Exercise aim = Starting at the line below that contains "за могилами родственников..." and ending at the line that contains "Net als in 2013", retype each line exactly as it stands, but omit the pictures.

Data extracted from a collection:
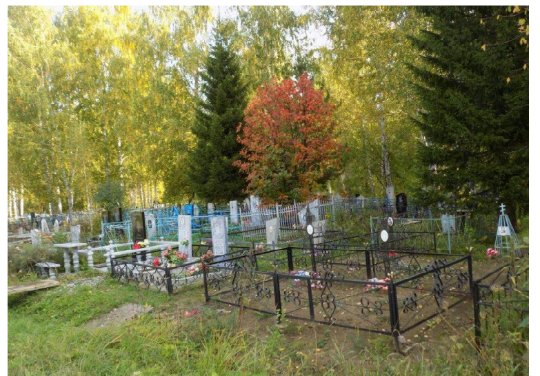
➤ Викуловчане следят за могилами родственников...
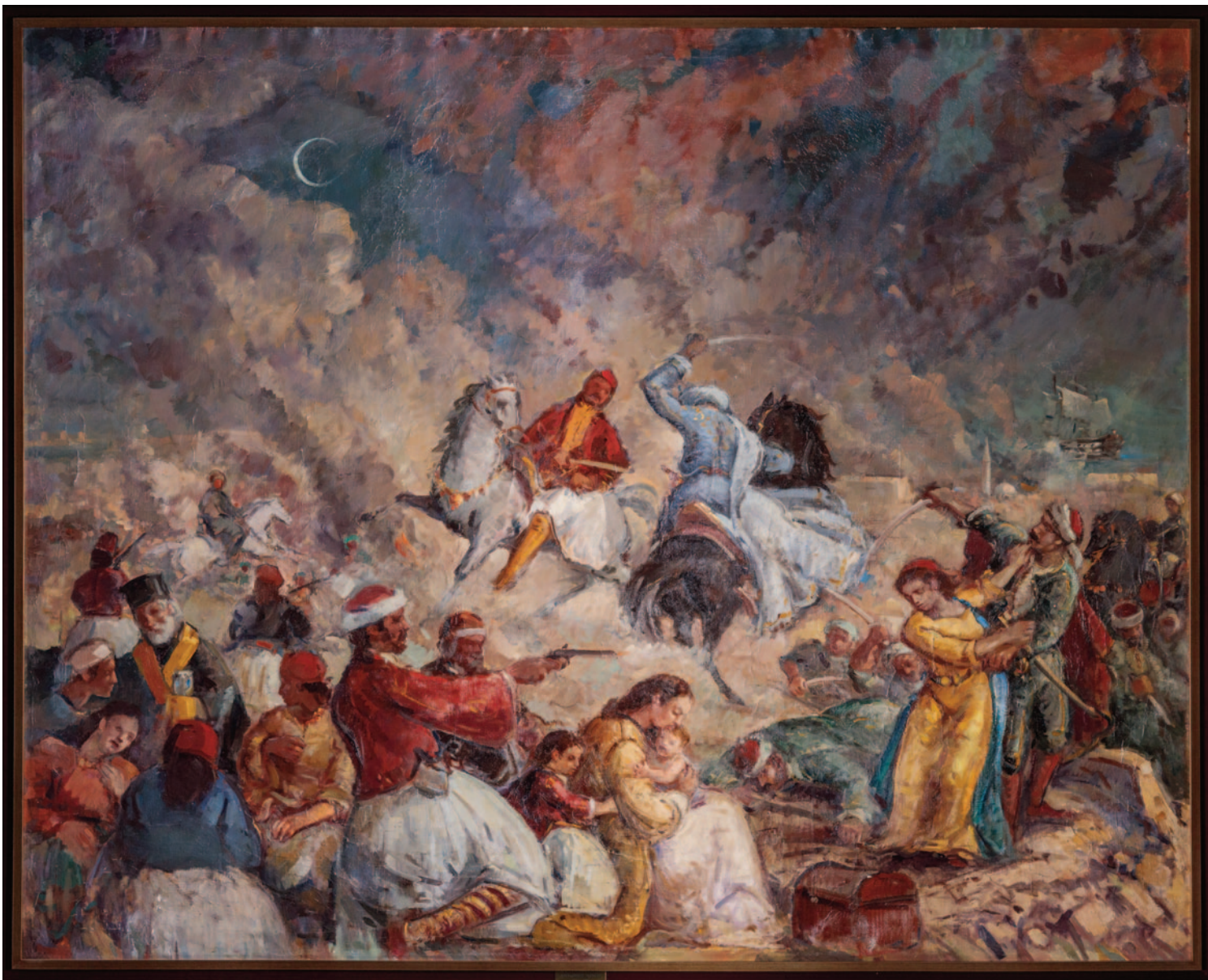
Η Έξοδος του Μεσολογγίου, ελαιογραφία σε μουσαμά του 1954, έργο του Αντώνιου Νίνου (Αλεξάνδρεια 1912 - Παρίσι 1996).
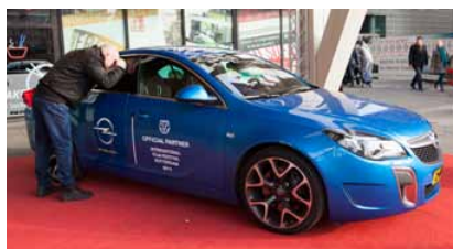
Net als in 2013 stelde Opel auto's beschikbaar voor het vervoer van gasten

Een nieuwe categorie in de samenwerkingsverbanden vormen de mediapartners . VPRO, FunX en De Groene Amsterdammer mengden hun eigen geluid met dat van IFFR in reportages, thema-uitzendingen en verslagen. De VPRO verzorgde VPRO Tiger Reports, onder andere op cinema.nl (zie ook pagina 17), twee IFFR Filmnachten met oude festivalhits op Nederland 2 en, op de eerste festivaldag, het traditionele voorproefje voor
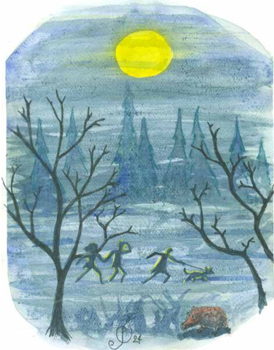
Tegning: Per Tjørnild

...

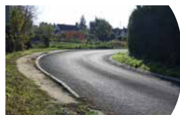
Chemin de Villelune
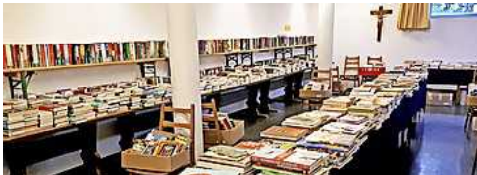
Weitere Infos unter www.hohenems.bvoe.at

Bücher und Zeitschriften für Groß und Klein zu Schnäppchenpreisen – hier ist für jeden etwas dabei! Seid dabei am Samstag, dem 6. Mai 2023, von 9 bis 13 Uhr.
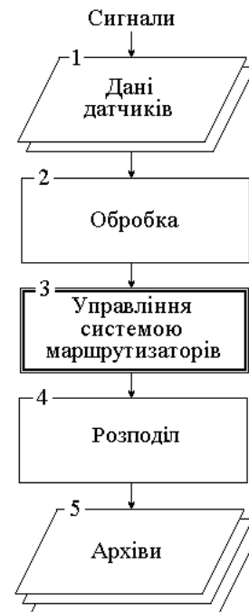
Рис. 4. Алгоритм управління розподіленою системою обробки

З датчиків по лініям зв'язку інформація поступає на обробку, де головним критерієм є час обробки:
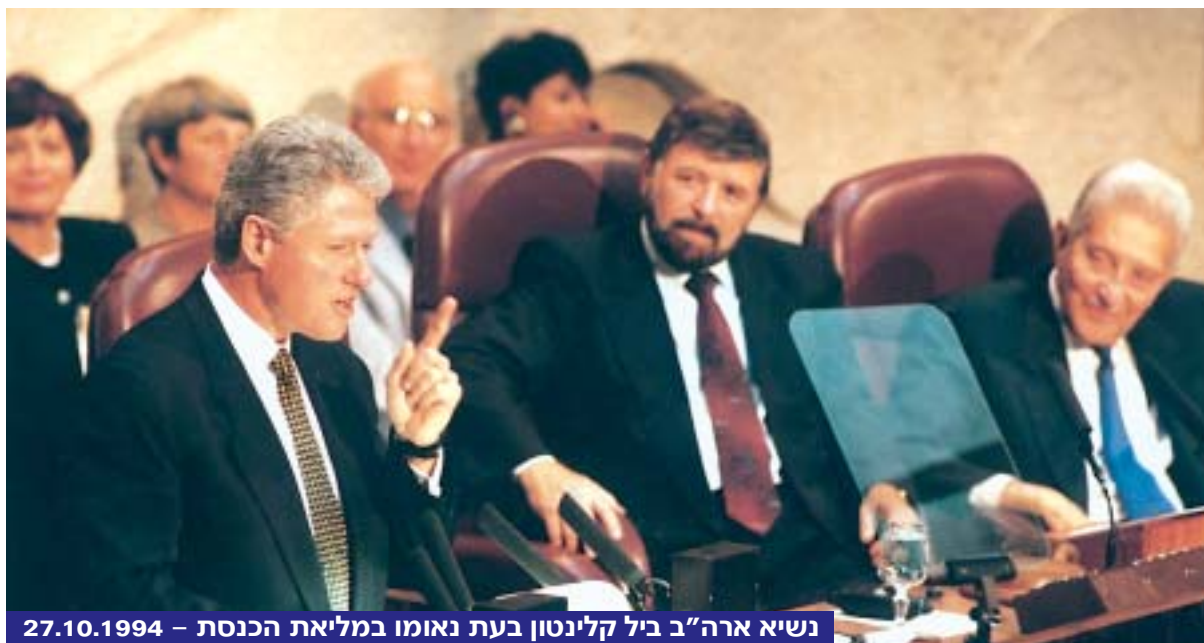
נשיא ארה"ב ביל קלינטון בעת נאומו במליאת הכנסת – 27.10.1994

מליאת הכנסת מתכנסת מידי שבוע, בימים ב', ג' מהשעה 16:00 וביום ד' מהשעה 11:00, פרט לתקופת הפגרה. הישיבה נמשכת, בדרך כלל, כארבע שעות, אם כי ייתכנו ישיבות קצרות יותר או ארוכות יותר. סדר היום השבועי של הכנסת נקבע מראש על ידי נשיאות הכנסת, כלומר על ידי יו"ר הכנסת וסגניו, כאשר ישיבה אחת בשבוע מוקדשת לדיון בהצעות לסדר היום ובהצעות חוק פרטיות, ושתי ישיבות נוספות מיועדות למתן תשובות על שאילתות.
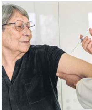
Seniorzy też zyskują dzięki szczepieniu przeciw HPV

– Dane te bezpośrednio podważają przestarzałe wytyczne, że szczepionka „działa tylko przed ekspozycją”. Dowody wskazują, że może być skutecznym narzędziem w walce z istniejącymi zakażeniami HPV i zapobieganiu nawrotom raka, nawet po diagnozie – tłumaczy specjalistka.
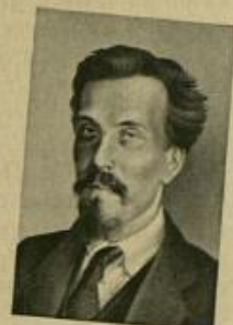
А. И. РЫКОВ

--

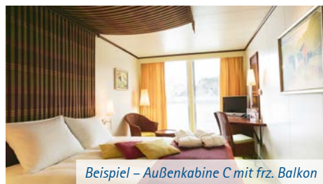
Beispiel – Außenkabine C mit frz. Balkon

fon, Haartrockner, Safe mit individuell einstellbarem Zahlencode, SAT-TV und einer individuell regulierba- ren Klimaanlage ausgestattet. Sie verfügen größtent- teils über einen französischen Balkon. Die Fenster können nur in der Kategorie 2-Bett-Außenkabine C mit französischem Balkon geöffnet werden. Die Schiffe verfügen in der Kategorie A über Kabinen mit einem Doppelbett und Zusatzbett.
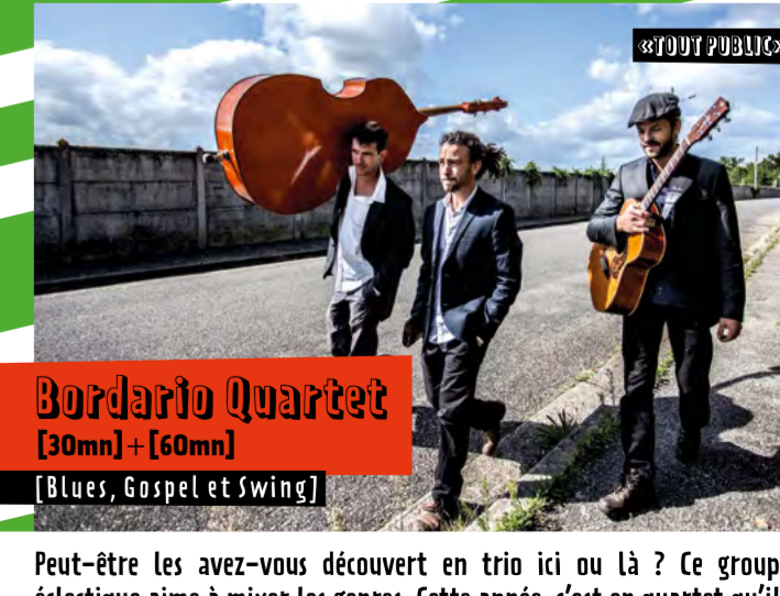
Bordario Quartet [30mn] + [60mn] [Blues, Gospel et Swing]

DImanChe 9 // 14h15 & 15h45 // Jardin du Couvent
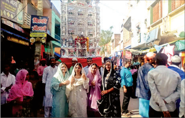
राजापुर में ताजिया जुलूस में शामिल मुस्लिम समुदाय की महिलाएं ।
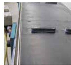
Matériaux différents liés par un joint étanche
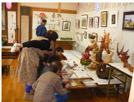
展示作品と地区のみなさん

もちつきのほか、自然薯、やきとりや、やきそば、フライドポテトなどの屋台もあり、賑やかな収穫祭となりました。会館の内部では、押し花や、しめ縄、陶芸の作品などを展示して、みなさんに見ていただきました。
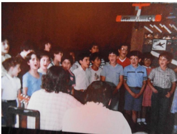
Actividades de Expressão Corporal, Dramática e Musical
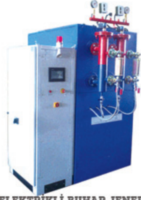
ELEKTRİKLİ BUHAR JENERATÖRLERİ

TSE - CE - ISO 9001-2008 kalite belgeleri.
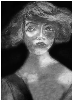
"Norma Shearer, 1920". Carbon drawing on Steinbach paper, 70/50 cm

Result =
➤ Викуловчане следят за могилами родственников...
Η Έξοδος του Μεσολογγίου, ελαιογραφία σε μουσαμά του 1954, έργο του Αντώνιου Νίνου (Αλεξάνδρεια 1912 - Παρίσι 1996).
Net als in 2013 stelde Opel auto's beschikbaar voor het vervoer van gasten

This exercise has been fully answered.